Eli Ben-Porat is a Senior Manager of Reporting & Analytics for Rogers Communications. The views and opinions expressed herein are his own. He builds data visualizations in Tableau, and builds baseball data in Rust. Follow him on Twitter @EliBenPorat, however you may be subjected to (polite) Canadian politics.
10 Comments
Oldest
Newest Most Voted
Inline Feedbacks
View all comments
Jonathan Judge
5 years ago

Eli – this was fun. Good job.

williamnyy
5 years ago

The concept is interesting, but the strike zone is defined by straight lines, so an ellipse with concentric circles doesn’t seem like an apt depiction. It also seems as if hitters react differently to the vertical and horizontal location of a pitch.
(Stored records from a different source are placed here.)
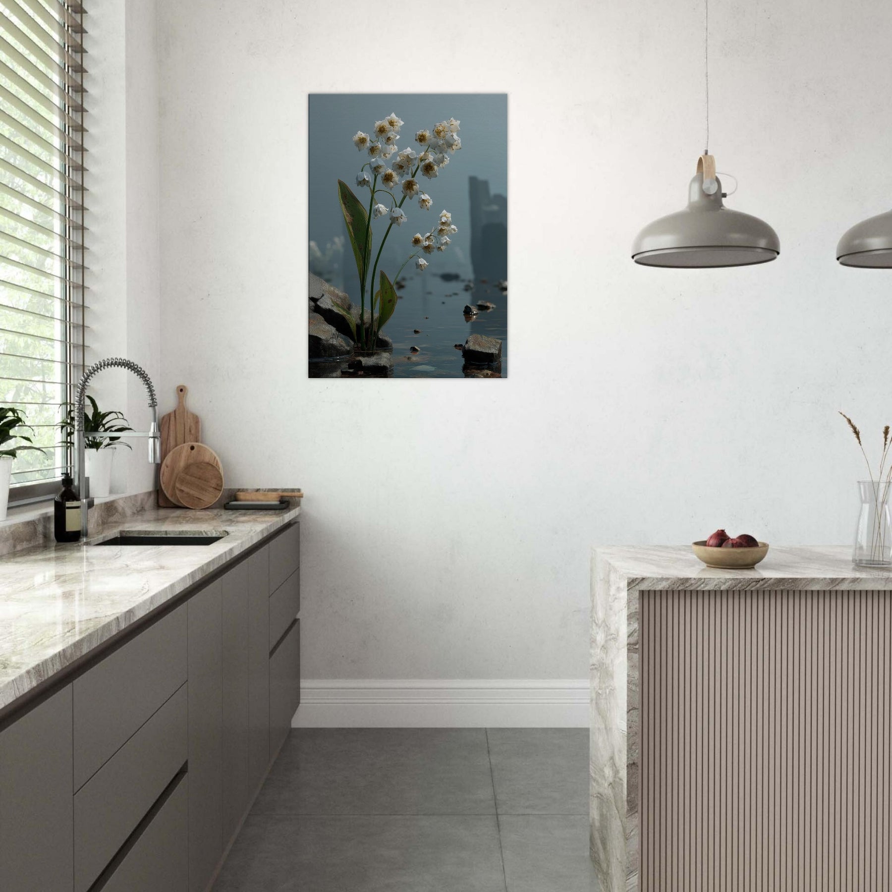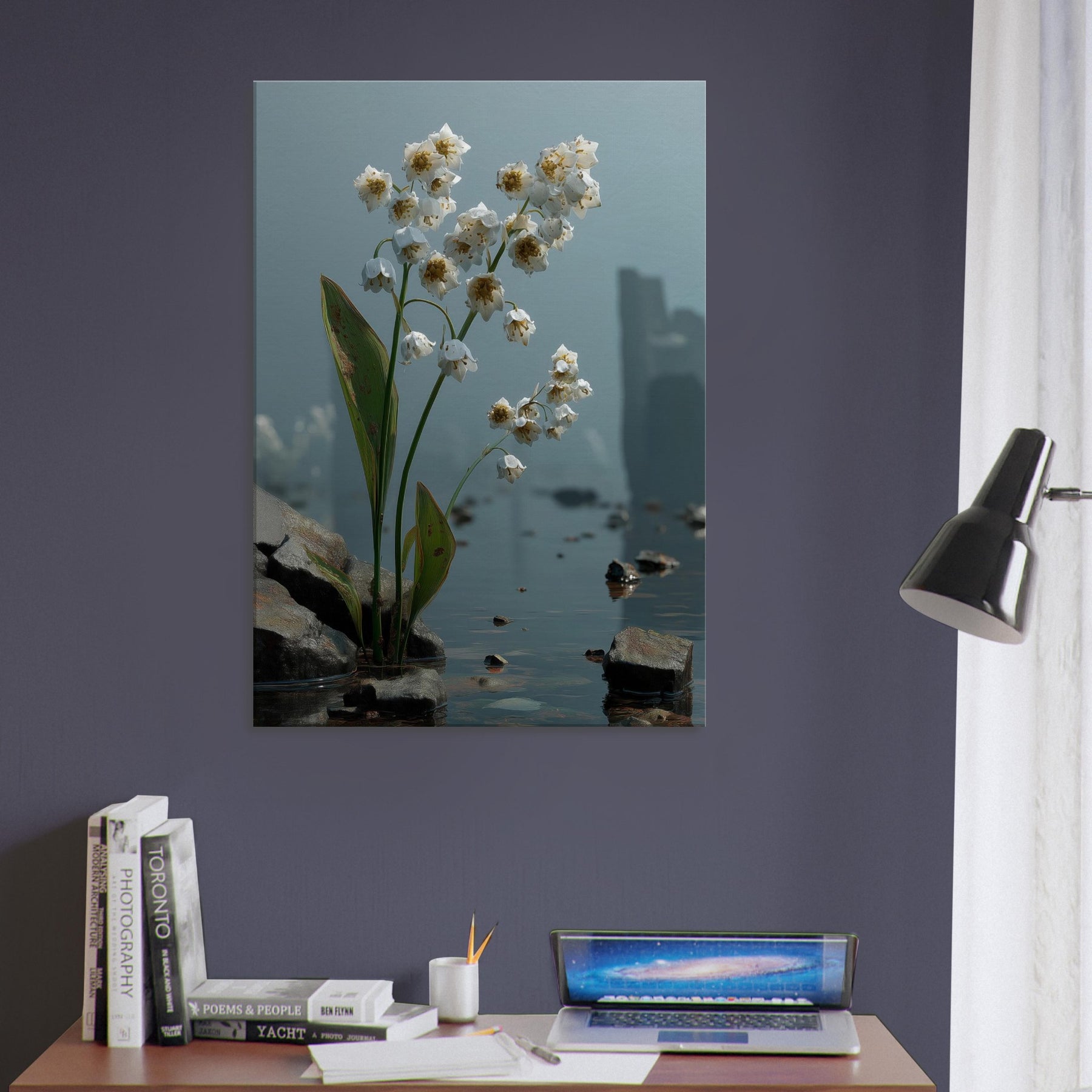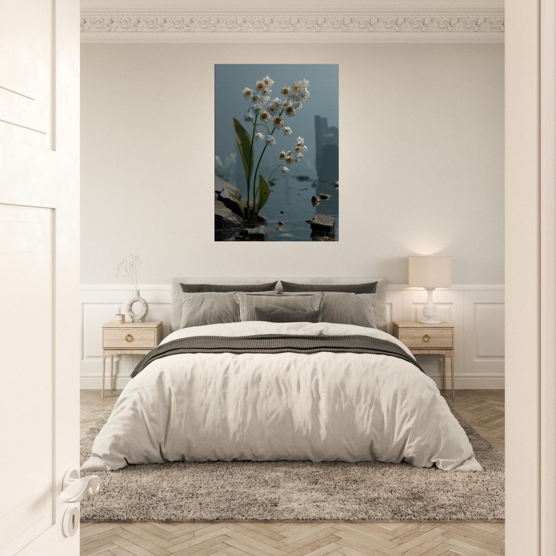 An improbable bouquet rises from quiet waters, the Lily of the Valley crowned with pale bells that seem to hush the room with their fragrance of memory and rain. In this surreal moment, slender stems bend toward a pale horizon, where city glass blurs into mist, inviting calm and reflection. The artwork invites soft light, a whisper of nature in a modern interior, turning a wall into a window to dreamlike tides. Perfect for living rooms and bedrooms seeking a serene, poetic focal point.
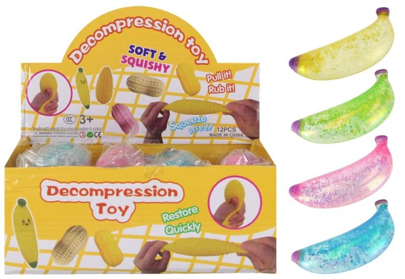 Zalety produktu: można wykorzystać jako gniotek antystresowy, świetnie nadaję się do zabawy oraz jako przyrząd do ćwiczenia dłoni. MEGA CREATIVE znów wychodzi naprzeciw naszym oczekiwaniom i przedstawia pomysł na odstresowanie i zabawę w jednym. Gniotek antystresowy nie tylko będzie pomocny w nauce radzenia sobie ze stresem ale także świetnie nada się do zabawy oraz jako przyrząd do ćwiczenia dłoni. Gniotek w kształcie banana ma tylko 13 cm a tak dużo możliwość Gniotek występuje w czterech wersjach kolorystycznych. Zawartość zestawu: gniotek banan. Wymiary/waga/baterie: wymiary produktu cm : 13 cm, wymiary opakowania DISPLAY dł. x wys. x gł. cm : 22x9x16, waga produktu bez opakowania kg : 0,15 kg, waga produktu w opakowaniu DISPLAY kg : 1,90 kg, nie wymaga zasilania bateriami. Zabawka przeznaczona dla dzieci w wieku: 3 . Pakowana w display po 12 szt. W kartonie po 288 szt.
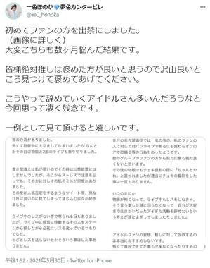 同ファンからは「ライブ中のレス(編注:ライブ中にアイドルから個別に目線や指差し等の反応を貰うこと)がない」として怒られることもあったそうだが、一色さんは「ライブ中に頻繁に移動するその人をステージから探しながら必死にレスを送っているつもり」であり、他のファンと同様に大切にしていたとつづった。

It would be interesting to see how the different vertical and horizontal distances compare to each other when keeping the other constant. The relationship between those two could either validate or nullify the notion of the strike zone as an ellipse.

Jetsy Extrano
5 years ago
Reply to  williamnyy

If you like superellipses, why not draw concentric superellipses?

Really though I don’t get the point of setting up any large chunks of the zone. What’s the point of quantizing to one side or the other of an artificial line? Whatever your metric of interest, why not have a continuous-valued map of it across the space?

Dougmember
5 years ago
Reply to  williamnyy

Although the strike zone may be defined by straight lines, the PRACTICAL strike zone – the strike zone as called – is somewhere in between a true elliptical one and the rectangular one. I’d say roughly half way in between, but that’s really little more than a wild ass-guess.

Jetsy Extrano
5 years ago

“I don’t have a great explanation for why the outer half gets called more than the inner half”

Gets taken by batters more often than the inner half, I think you may be seeing.

The graph reaches no higher than 60%, which is too low to be strikes / called pitch, so I’m guessing you plotted strikes / thrown pitch.

Trev
5 years ago

I understand you ignored foul balls for this analysis, but I would be interested in seeing the horizontal/vertical location graphs for those as well. The outcome of a swing being a swing & miss (bad for hitter), foul ball (slightly net negative), or ball in play (net positive) – are there areas where pitches generate similar wOBAContact but different Foul%?

Luke
5 years ago

A really interesting take, thanks Eli!

calebwmember
5 years ago

Thanks for this interesting read! There is definitely more work to be done in the final section about dividing up the model…thinking about where the dividing lines are. I feel like there’s a case to be made that the lines in the Control circle should be rotated 45 degrees, so you have control up, control down, control in, control out. This way you don’t end up with the weird situations where a pitch at the top of the Control circle is categorized identically to one at the inner edge of the Control circle, even though pitching someone up is a totally different behavior than pitching someone in. Then either keep Command divided as is, or divide it into 8 zones (four corners, up, down, in, out) to reflect the fact that points within each subdivision of the command zone can be much farther from one another.